One problem with all of these new excuses for expanding the regulatory reach of both Justice and the EPA is that the evidence for environmental racism is scant and circumstantial. Take last week’s report by the U.S. Commission on Civil Rights, which claims that the federal government is failing to protect minority communities from environmental racism. “In its report, the commission focused on coal ash dumps,” writes Nidhi Subbaraman, a science reporter for BuzzFeed. Subbaraman quotes the conclusion that Martin Castro, the commission’s chairman, reaches in the report:
I’m not certain if the Environmental Protection Agency is incompetent or indifferent when it comes to requiring environmental justice from polluters of minority communities, but whatever the case, the result is the same. The EPA has failed miserably in its mandate to protect communities of color from environmental hazards.
But the New American Civil Rights Project, a group of scholars and lawyers who question the race-based approach of many federal regulations, presented a powerful rebuttal to Castro. They note that Castro concludes that racial minorities are “disproportionately affected by the siting of waste disposal facilities.” But this conclusion had to be worded vaguely, they say, because the commission staff’s only independent research — which focused only on coal ash — tended to show that coal-ash disposal sites were disproportionately located near whites. This embarrassing result was downplayed in the commission’s report. Indeed, the report title was changed to delete the words “coal ash,” and the commission abandoned its original plan to focus specifically the EPA’s coal-ash policy.
The report includes a strong dissent from U.S. Civil Rights Commission member Gail Heriot. She notes:
The biggest take away from this report should be this: Coal ash landfills and ponds aren’t actually disproportionately located in the vicinity of racial minorities — at least not insofar as the Commission’s independent empirical research shows. Our research indicates that, if anything, coal ash landfills and ponds may be disproportionately located near whites. This research is broadly consistent with the findings of the EPA when it conducted similar research into coal-fired electric utility plants in 2010 and into surface impoundments and landfills in 2014.
She adds:
We must acknowledge and try to do something about legitimate grievances. But we must also be careful never to fan the flames of racial resentment by telling people they have been “targeted” on account of their race when it isn’t true.

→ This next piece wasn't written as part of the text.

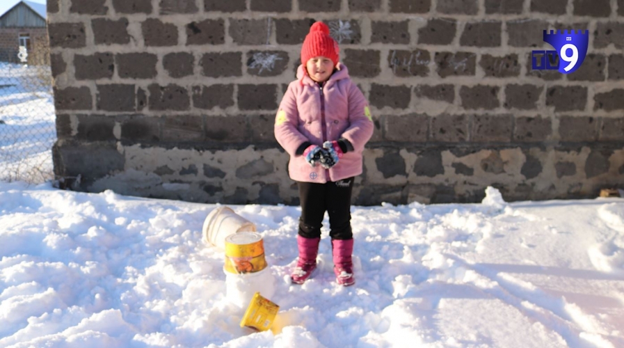 ვიდრე მოზარდები გზას წმენდენ, პატარები თოვლში თამაშობენ.

Heriot’s warning is both timely and ominous. Already some leftists are tying together allegations of police misconduct with specious environmental causes. If Hillary Clinton wins, look for the rapid growth of a new legal industry in which the grievances of everyone from environmental extremists to Black Lives Matter will find a powerful new advocate in the Department of Justice. Under that regime, there would be virtually no limit to what power the federal government took on, riding roughshod over local communities nationwide.
— John Fund is NRO’s national-affairs correspondent.